Einsamkeit, Tristesse, Perspektivenlosigkeit fördern Suchtverhalten – die jetzige Situation verstärkt das. Disziplin und Einschränkungen sind Leistungen, nur die Belohnung dafür fehlt. Es gibt keinen Besuch im Stadion, keine Lokale, keine Kultur. Es ist schwer, Freude und Lust, etwas Positives zu erleben. Da steigt der Reiz, sich das im Verbotenen zu holen, was auch von Kriminellen genutzt wird.
Wie kann Betroffenen geholfen werden?
Wir versuchen in der Psychotherapie, mit den Betroffenen individuell Lösungen zu erarbeiten. Beim Glücksspiel geht es um das Gefühl, ein Gewinner zu sein. Da kann man auch etwas anderes finden. Wir versuchen, die Klienten anzuregen, etwas Kreatives gegen die Langeweile zu machen oder Bekanntschaften zu finden.
Während offizielle Casinos geschlossen sind, richten sich illegale Betreiber Privatcasinos in den eigenen vier Wänden ein. Bei dem Fall in der Troststraße zockten gar 29 Personen im Keller. „Der Kreativität sind kaum Grenzen gesetzt. Erst vor Kurzem haben wir ein Scheinunternehmen aus der Baubranche überprüft und entdeckt, dass dort illegales Glücksspiel betrieben wird. Der eine hatte Geld und der andere die Räumlichkeiten“, beschreibt Lehner die Zusammenarbeit.
Drogen im Spiel
Derartige Synergien zeigen sich auch in anderen Bereichen. Dem Finanzpolizisten zufolge wird seit den Ausgangsbeschränkungen in illegalen Glücksspiellokalen vermehrt mit Drogen gehandelt. Der Straßenhandel wurde während der Lockdowns massiv zurückgedrängt. Die Lokale dürften ein Ausweichort sein. „Wir haben kaum mehr eine Kontrolle, bei der wir kein Rauschgift finden“, sagt Lehner.

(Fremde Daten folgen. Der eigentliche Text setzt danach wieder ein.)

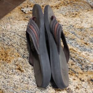 Clarks Collection Men's Sandals Get ready for comfort and style with these Clarks Collection men's flip flops sandals. Perfect for casual outings or a relaxed day at the beach. Size: 9 US / 8 UK / 42 EU Color: Brown with red accents Material: Durable synthetic uppers with rubber soles Condition: Used - Shows signs of normal wear, as seen in photos Item ID: 26114999 The sandal features a comfortable footbed with a sturdy outsole designed for long-lasting wear. Note: Please examine the photos carefully for condition details.

Psychotherapeutin Barbara Haid erklärt, dass Drogen- und Spielsucht oft gemeinsam auftreten: „Beides ist vermeintlich gemeinschaftsfördernd.“ In den Lokalen würde sich dann eben das Milieu treffen. „Da geht es um eine Art ,Peer Group‘, man ist unter seinesgleichen.“
Für die Finanzpolizei bleibt es jedenfalls ein Katz-und-Maus-Spiel. Private Anbieter werben in den sozialen Medien. Die Ermittler können letztlich aber nur die Automaten beschlagnahmen und Geldstrafen verhängen. Dauerhaft aufhalten lassen sich die Betreiber davon nicht. Denn ein Automat aus Osteuropa kostet um die 1.600 Euro – das wird in einer Woche wieder eingespielt.